___ Given data ___

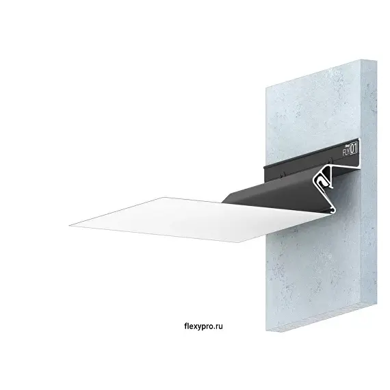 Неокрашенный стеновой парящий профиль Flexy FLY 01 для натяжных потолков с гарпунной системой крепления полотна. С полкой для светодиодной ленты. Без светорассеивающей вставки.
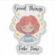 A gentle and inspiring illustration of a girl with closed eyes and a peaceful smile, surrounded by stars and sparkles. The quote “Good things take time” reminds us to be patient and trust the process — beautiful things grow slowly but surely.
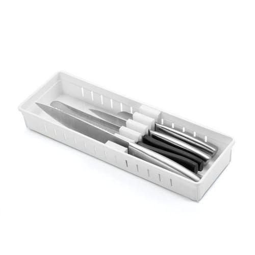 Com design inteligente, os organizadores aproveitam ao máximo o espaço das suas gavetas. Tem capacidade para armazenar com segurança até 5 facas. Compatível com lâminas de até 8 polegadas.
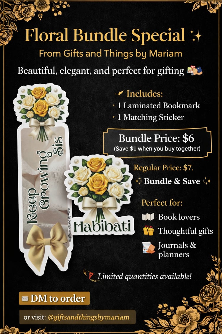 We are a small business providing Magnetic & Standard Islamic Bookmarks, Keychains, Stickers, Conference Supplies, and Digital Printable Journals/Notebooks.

___
___ Given data ___

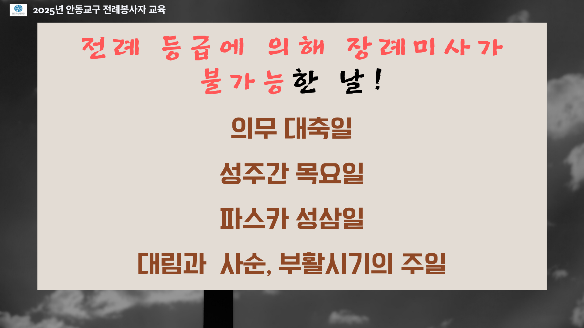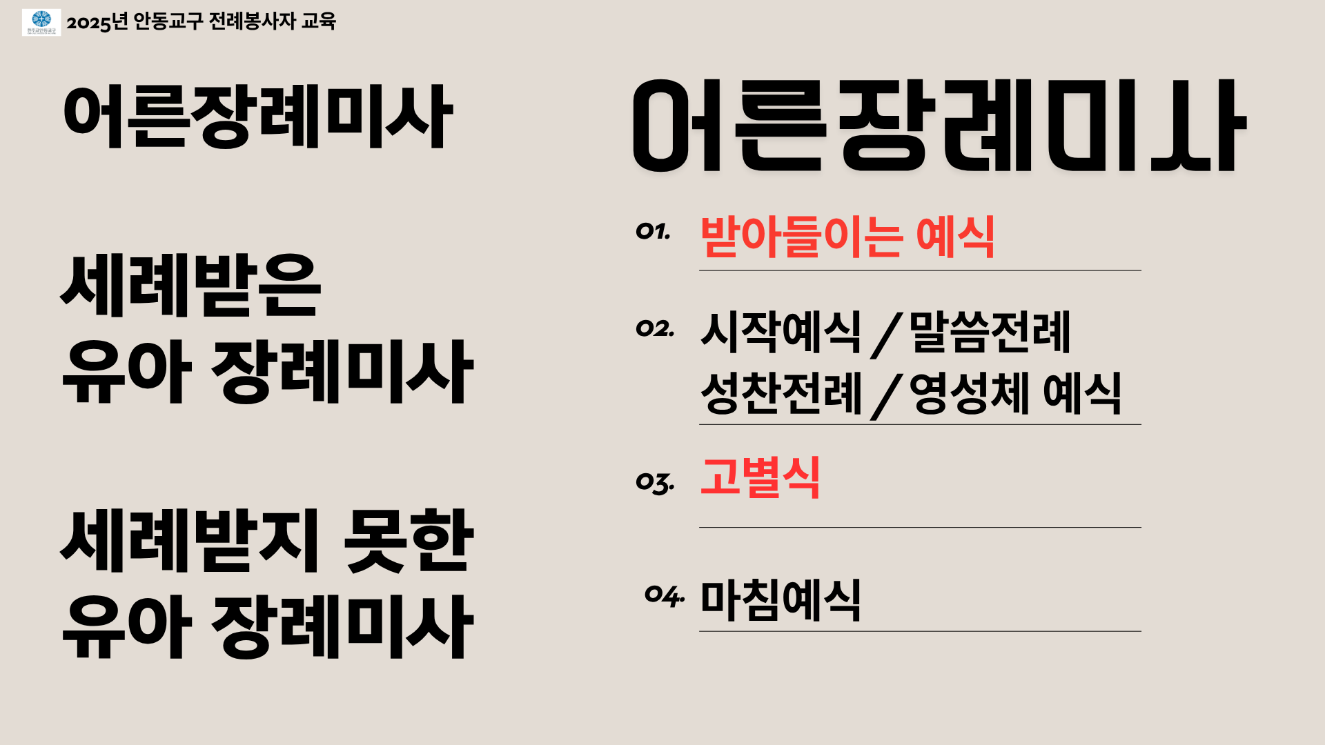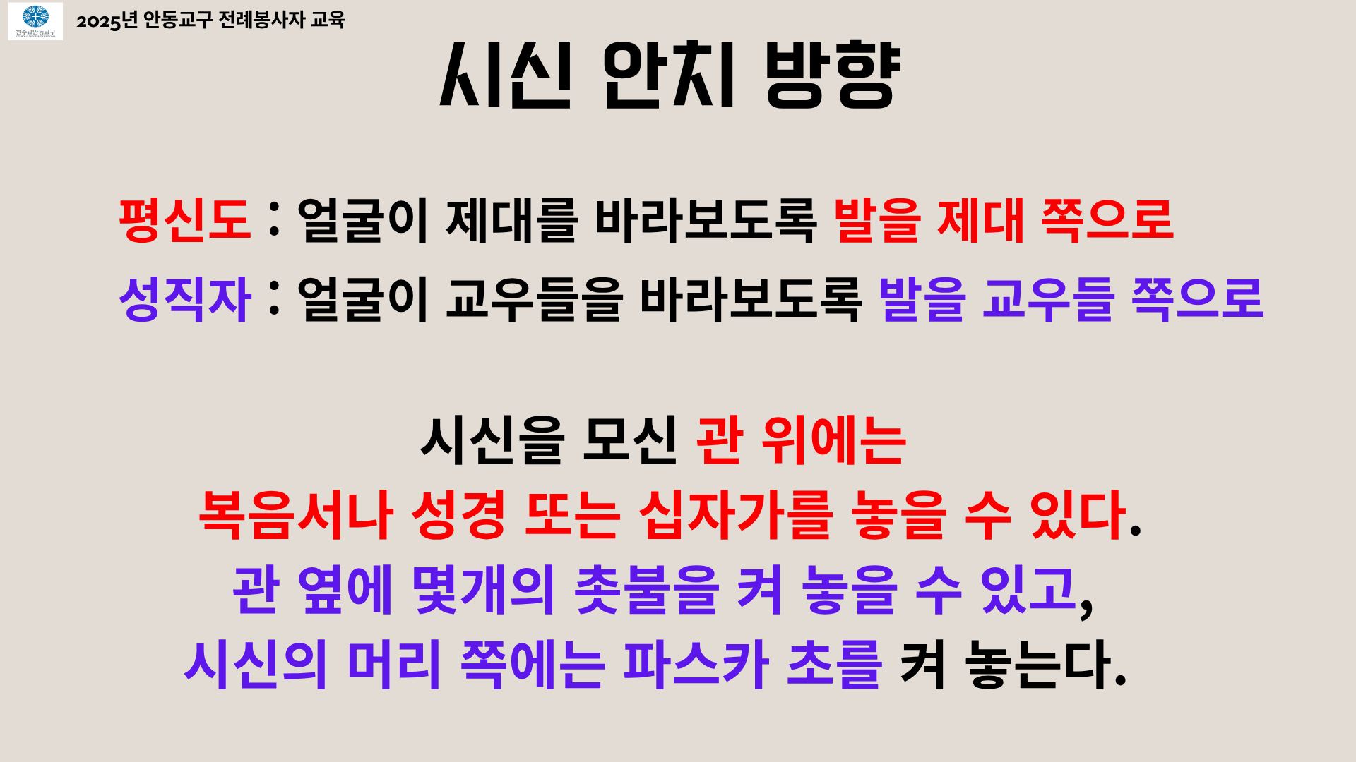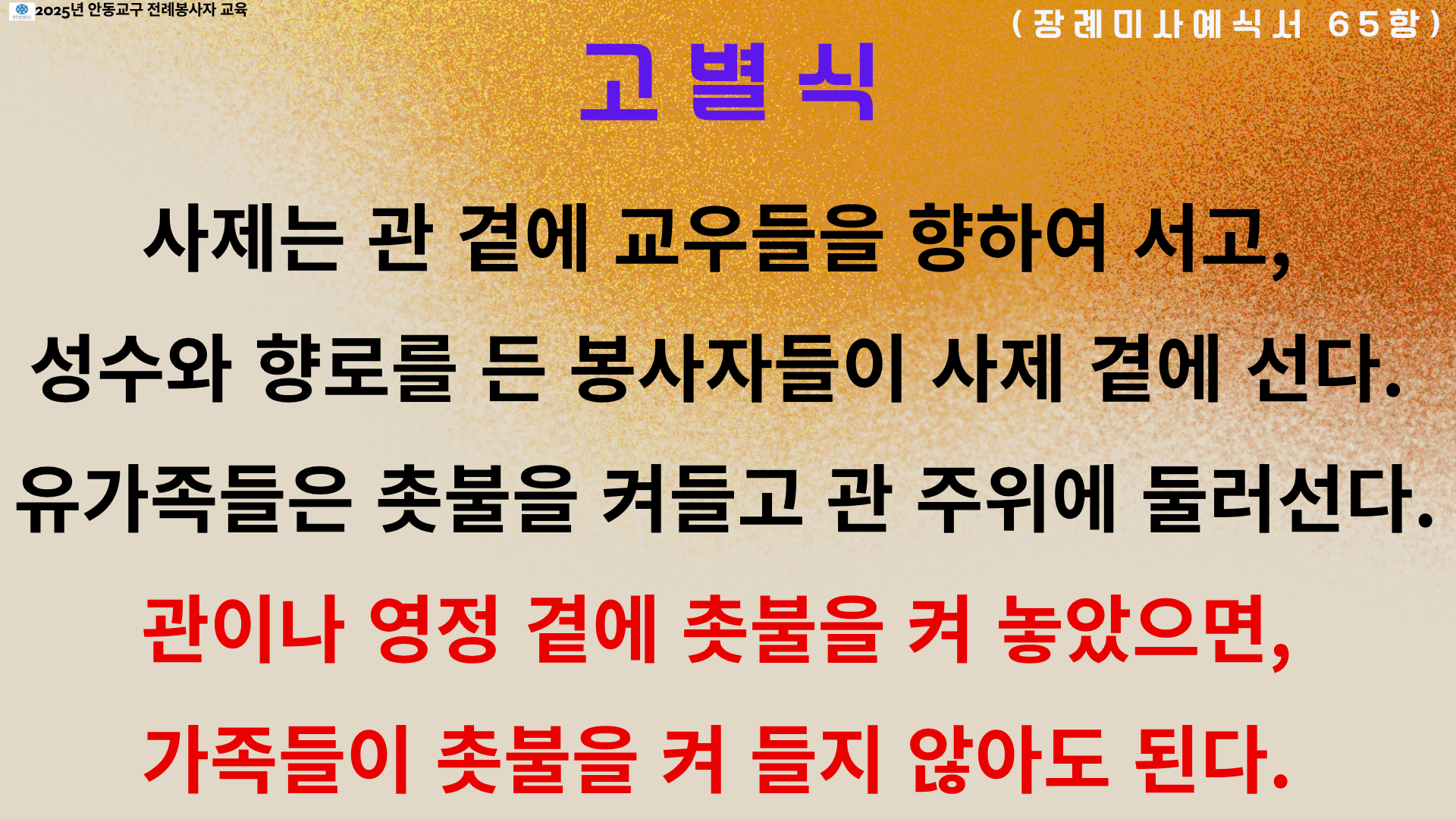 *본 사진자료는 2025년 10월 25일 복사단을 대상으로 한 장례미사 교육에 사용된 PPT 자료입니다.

___
___ Given data ___

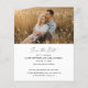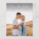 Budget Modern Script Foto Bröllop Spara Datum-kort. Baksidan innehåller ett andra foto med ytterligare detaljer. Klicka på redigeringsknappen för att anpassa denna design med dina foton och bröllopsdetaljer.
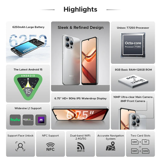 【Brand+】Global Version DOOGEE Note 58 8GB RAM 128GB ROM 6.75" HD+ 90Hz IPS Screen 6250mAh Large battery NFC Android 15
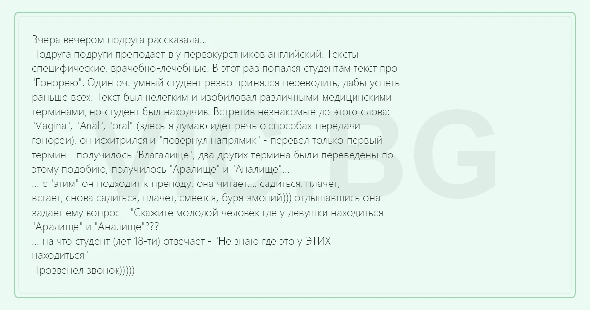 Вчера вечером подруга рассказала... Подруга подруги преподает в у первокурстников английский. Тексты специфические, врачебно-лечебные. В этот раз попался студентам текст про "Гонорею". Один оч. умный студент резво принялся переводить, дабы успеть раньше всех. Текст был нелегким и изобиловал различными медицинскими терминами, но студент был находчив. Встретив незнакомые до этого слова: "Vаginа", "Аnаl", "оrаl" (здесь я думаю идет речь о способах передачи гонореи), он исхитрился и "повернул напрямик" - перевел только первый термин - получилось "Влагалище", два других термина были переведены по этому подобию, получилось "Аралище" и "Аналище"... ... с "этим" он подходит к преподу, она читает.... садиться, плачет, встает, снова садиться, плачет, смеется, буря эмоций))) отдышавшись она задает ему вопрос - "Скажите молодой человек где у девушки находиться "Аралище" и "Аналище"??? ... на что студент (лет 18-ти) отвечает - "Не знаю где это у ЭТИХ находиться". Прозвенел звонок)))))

___

Exercise instructions = Starting at the line containing "Неокрашенный стеновой парящий" and stopping at the line containing "We are a small", output every line above exactly, both ends included, with pictures omitted.

Answer to the exercise =
 Неокрашенный стеновой парящий профиль Flexy FLY 01 для натяжных потолков с гарпунной системой крепления полотна. С полкой для светодиодной ленты. Без светорассеивающей вставки.
 A gentle and inspiring illustration of a girl with closed eyes and a peaceful smile, surrounded by stars and sparkles. The quote “Good things take time” reminds us to be patient and trust the process — beautiful things grow slowly but surely.
 Com design inteligente, os organizadores aproveitam ao máximo o espaço das suas gavetas. Tem capacidade para armazenar com segurança até 5 facas. Compatível com lâminas de até 8 polegadas.
 We are a small business providing Magnetic & Standard Islamic Bookmarks, Keychains, Stickers, Conference Supplies, and Digital Printable Journals/Notebooks.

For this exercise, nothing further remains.